One of the main challenges wineries face during their season is birds eating the grapes.
"We've always got lorikeets and crows, and other birds coming and stripping our vines,” Mr Albert said.
"You could use things like guns, lethal control, and nets to prevent this.
"We try to very conscious of our neighbours with the noise and of the birds themselves.”
The drone Colvely purchased is fitted with a speaker and video camera.
"With the drone speaker we play noises of eagles and hawks to scare the birds away,” Mr Albert said.
"What's really useful about this drone is that it flies itself. I don't have to be there using a remote control the whole time it's in the air.
"So we plug in a GPS system and the drone flies itself up and down our vineyard. We pop in the coordinates and it will fly where we want it to and then come back and land itself when it needs its batteries changed.”
This means Mr Albert was able to attend to other work while the drone kept the birds at bay.
"While the grapes were growing we were using it daily, doing about six or seven flights a day.
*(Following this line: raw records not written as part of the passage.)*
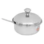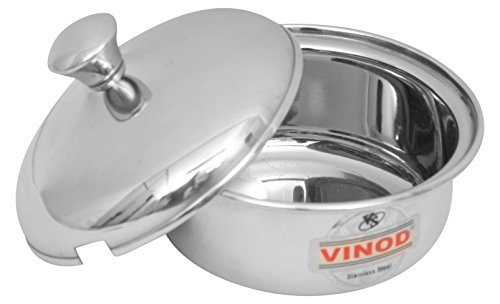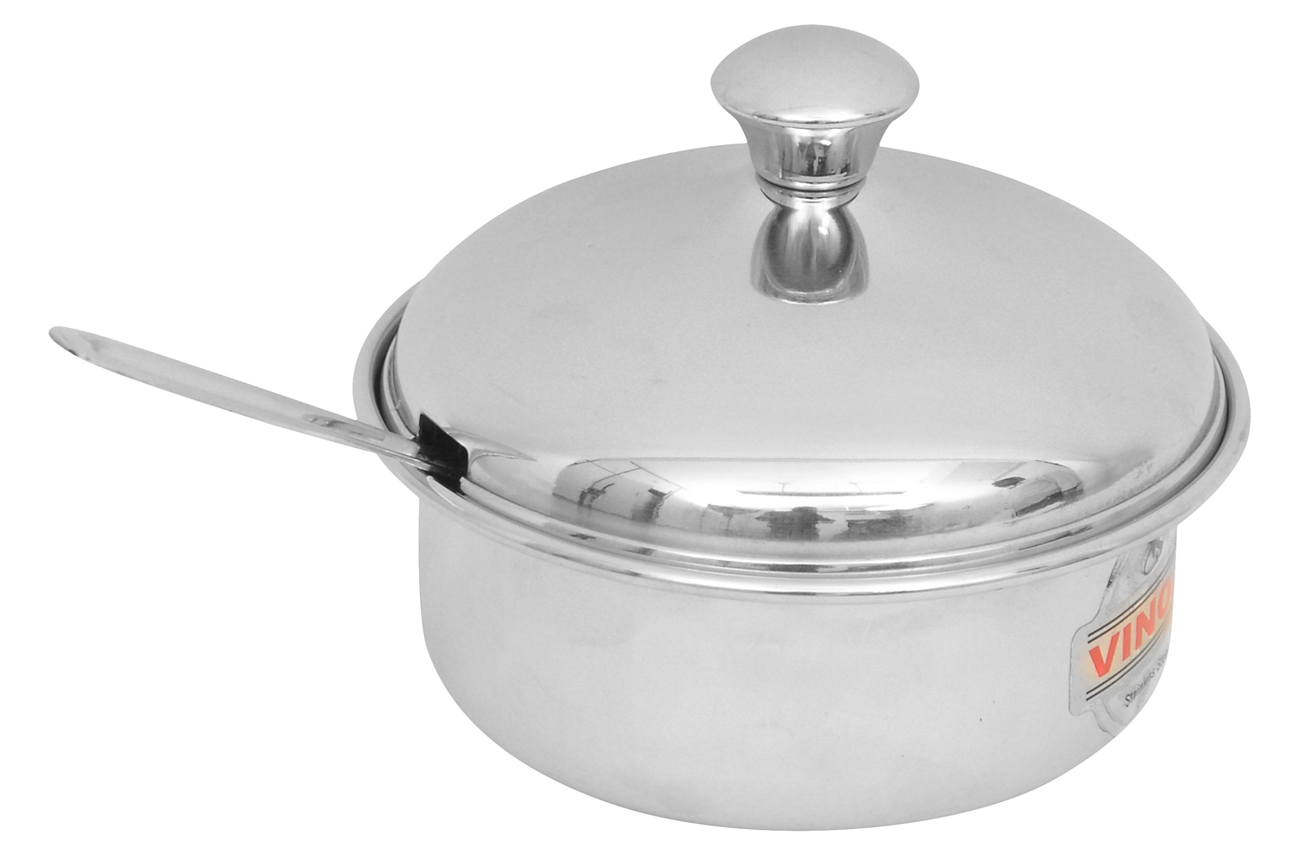 Vinod presents this silver color butter pot with lid and spoon. It is made of stainless steel. This package contains 1 butter pot with lid and spoon. It has seller warranty up to 10 years and the replacement warranty is available against manufacturing defects only.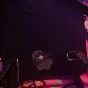 Chic black backpack with striped front flap. Features buckle accents and embossed emblem. The hand strap ripped due to use but can still wear as a backpack if u can stitch u could fix the handle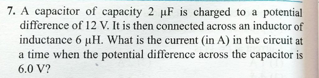 A capacitor of capacity 2 μF is charged to a potential difference of 12 V. It is then connected across an inductor of inductance 6μH. What is the current (in A) in the circuit at a time when the potential difference across the capacitor is 6.0 V? A current of 2 A is increasing at a rate of 4 A/s through a coil of inductance 1 H. Find the energy stored in the inductor per unit in the units of J/s. October 24, 2020 Category: Uncategorised (JEE Advanced Physics by BM Sharma + GMP Solutions) , Facebook Messenger WhatsApp Share this:TwitterFacebook Related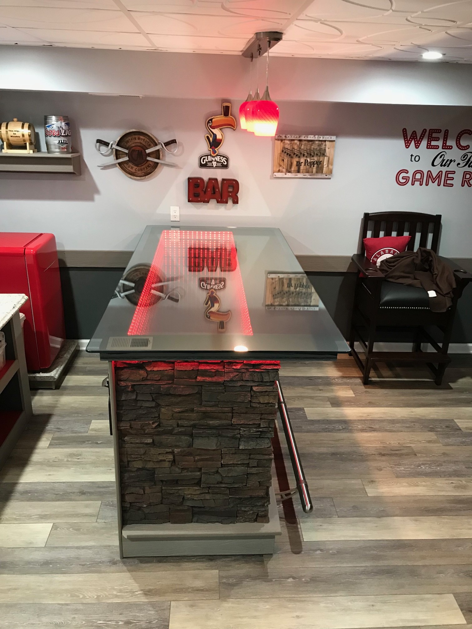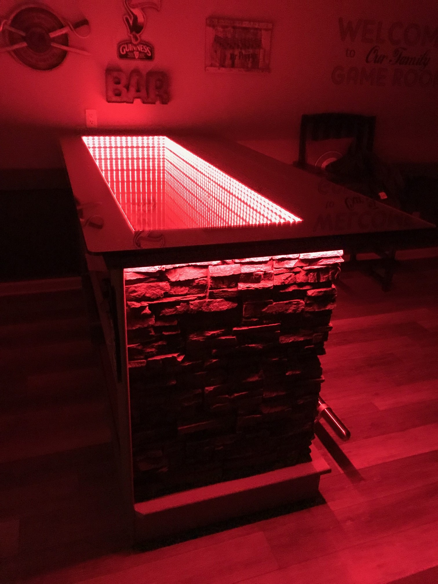 Return customer and expert DIY'er Ricky sent us these photos of his newly-built home bar, made incredible with an infinity mirror top and Norwich Stacked Stone panels.

I was able to just chill in the Cellar Door and work from the comfort of aircon. This made things a lot easier.”
Mr Albert plans to continue working with the new technology to better the running of their vineyards.
"We're also interested in potentially doing a bit of aerial filming with the drone...as well as some photography. Hopefully this will help us to map out our vineyards,” Mr Albert said.
"There's information that would be easier to collect from a bird's eye view. For example checking the health of the vines.”